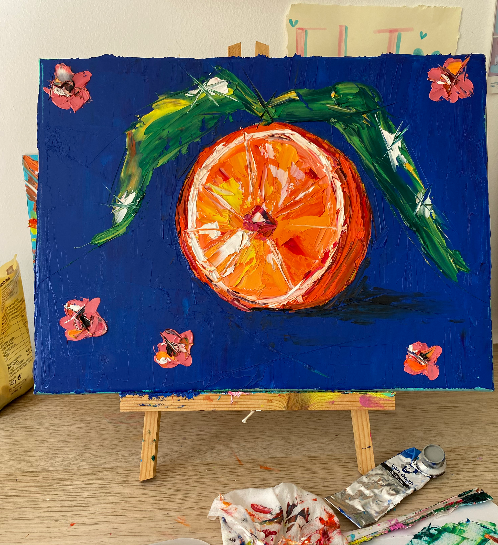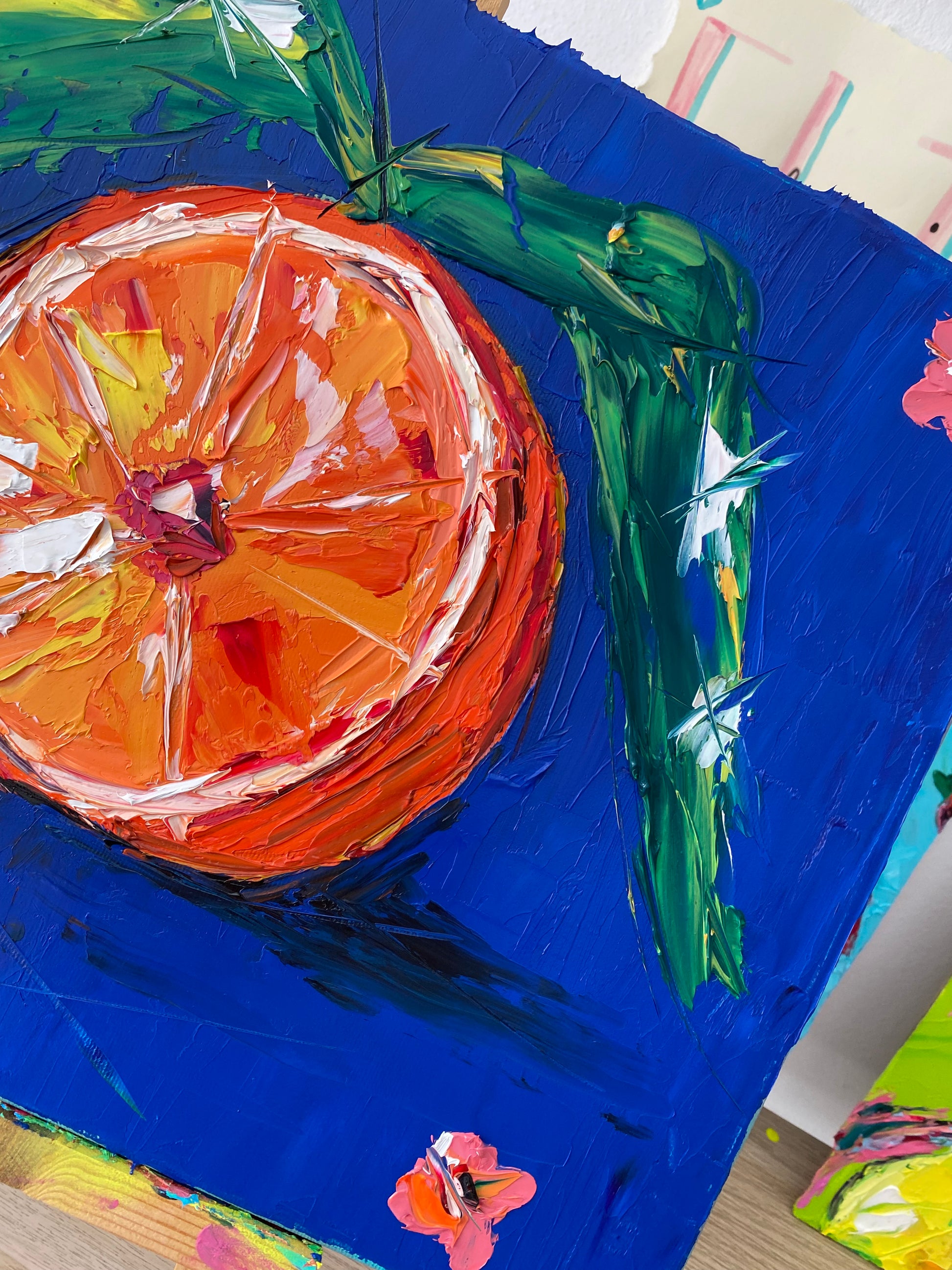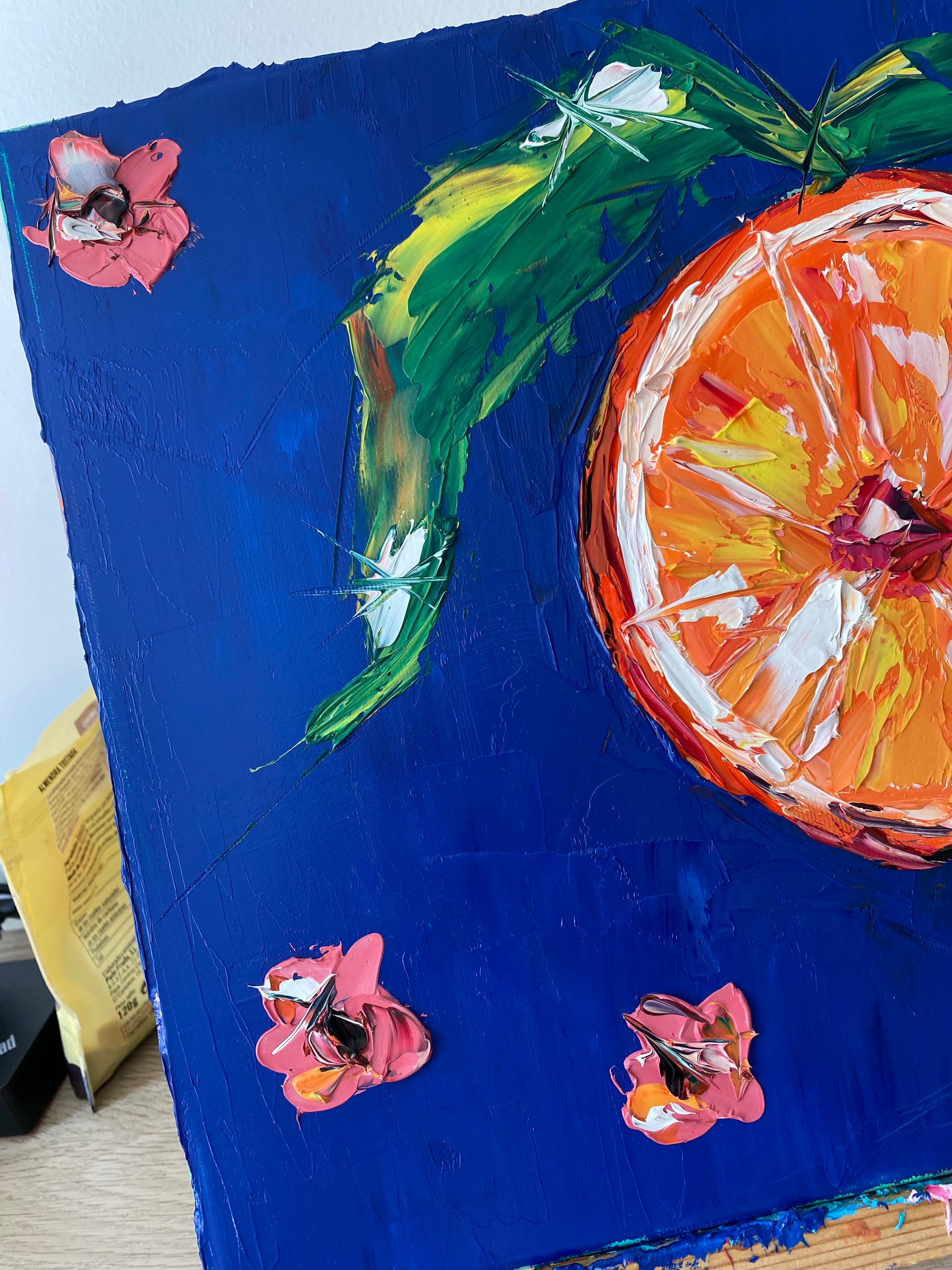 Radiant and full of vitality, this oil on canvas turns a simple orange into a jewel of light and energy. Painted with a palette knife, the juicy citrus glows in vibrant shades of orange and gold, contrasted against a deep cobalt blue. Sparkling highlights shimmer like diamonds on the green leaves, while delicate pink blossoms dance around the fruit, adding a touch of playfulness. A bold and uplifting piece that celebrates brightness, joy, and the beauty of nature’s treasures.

--

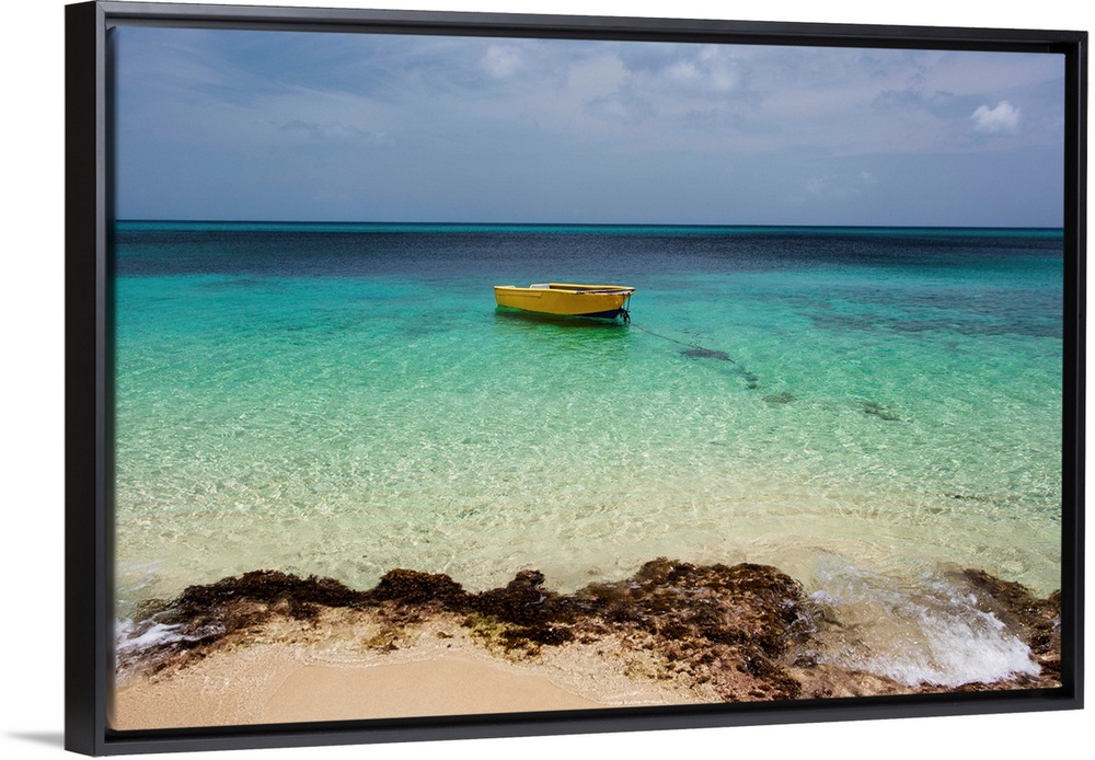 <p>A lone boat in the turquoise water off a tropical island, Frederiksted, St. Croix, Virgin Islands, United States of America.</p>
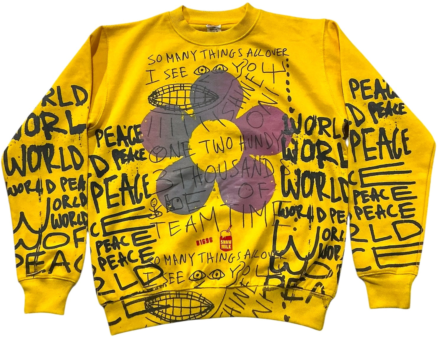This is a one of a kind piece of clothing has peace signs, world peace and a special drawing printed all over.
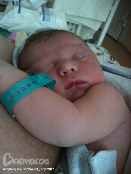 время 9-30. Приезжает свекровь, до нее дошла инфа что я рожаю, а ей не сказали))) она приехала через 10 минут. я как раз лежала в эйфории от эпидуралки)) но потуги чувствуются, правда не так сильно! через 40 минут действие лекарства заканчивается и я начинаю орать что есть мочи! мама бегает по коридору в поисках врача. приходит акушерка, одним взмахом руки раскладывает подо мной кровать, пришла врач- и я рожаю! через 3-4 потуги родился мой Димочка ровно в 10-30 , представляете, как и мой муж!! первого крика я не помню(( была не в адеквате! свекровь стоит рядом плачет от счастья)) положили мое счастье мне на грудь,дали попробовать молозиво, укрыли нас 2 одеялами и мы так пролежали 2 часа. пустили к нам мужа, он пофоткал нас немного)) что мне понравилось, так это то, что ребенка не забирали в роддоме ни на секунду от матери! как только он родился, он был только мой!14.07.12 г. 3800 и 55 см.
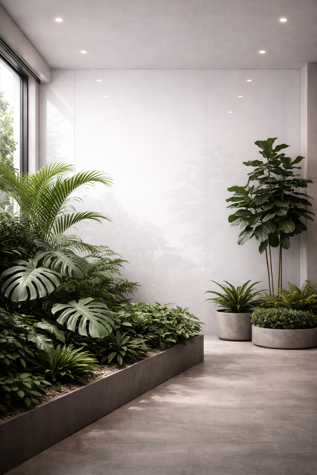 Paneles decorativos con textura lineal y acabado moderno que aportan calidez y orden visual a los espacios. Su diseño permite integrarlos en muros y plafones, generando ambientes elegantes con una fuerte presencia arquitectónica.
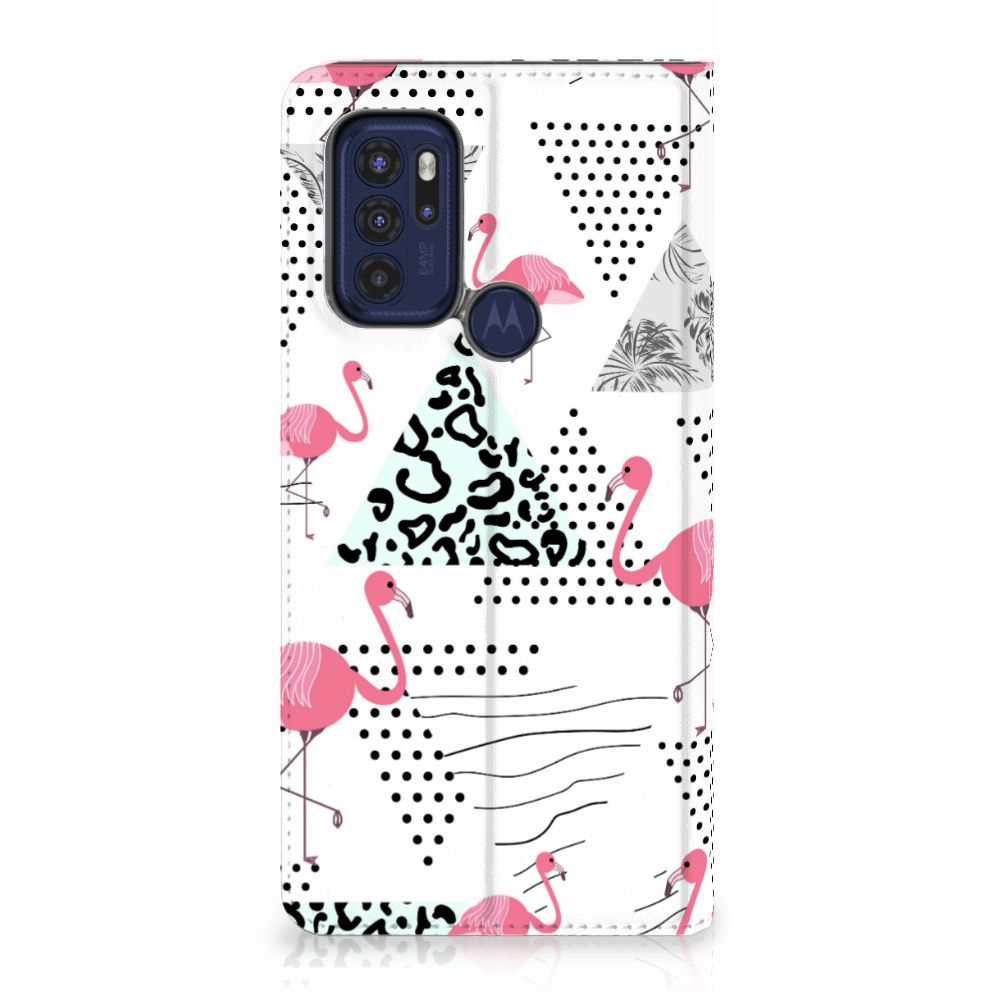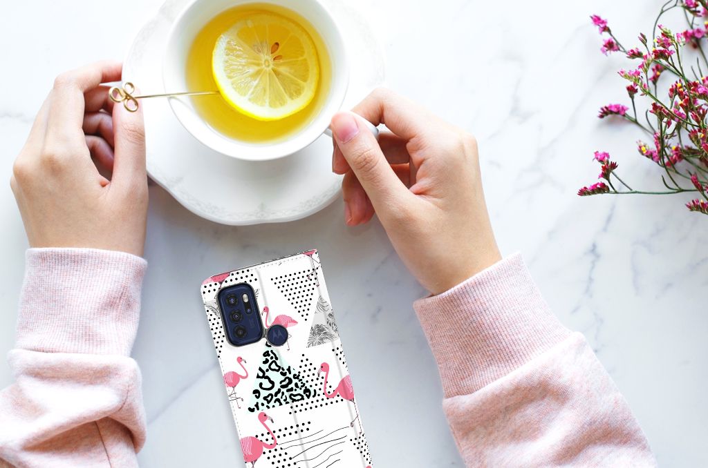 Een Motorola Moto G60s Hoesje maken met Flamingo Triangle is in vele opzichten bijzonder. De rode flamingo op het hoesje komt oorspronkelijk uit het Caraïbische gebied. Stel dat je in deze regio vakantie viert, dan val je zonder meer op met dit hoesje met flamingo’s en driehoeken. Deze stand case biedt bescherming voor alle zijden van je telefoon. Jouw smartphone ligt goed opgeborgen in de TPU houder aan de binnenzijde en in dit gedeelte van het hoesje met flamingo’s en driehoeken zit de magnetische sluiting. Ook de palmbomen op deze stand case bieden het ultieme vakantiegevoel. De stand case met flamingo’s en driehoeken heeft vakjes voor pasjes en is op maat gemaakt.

## Exercise objective
Work from the entries above. Set down exactly and only the lines from the line with "<p>A lone boat" to the line with "This is a one", both included, and leave the pictures out.

## Finished exercise
 <p>A lone boat in the turquoise water off a tropical island, Frederiksted, St. Croix, Virgin Islands, United States of America.</p>
This is a one of a kind piece of clothing has peace signs, world peace and a special drawing printed all over.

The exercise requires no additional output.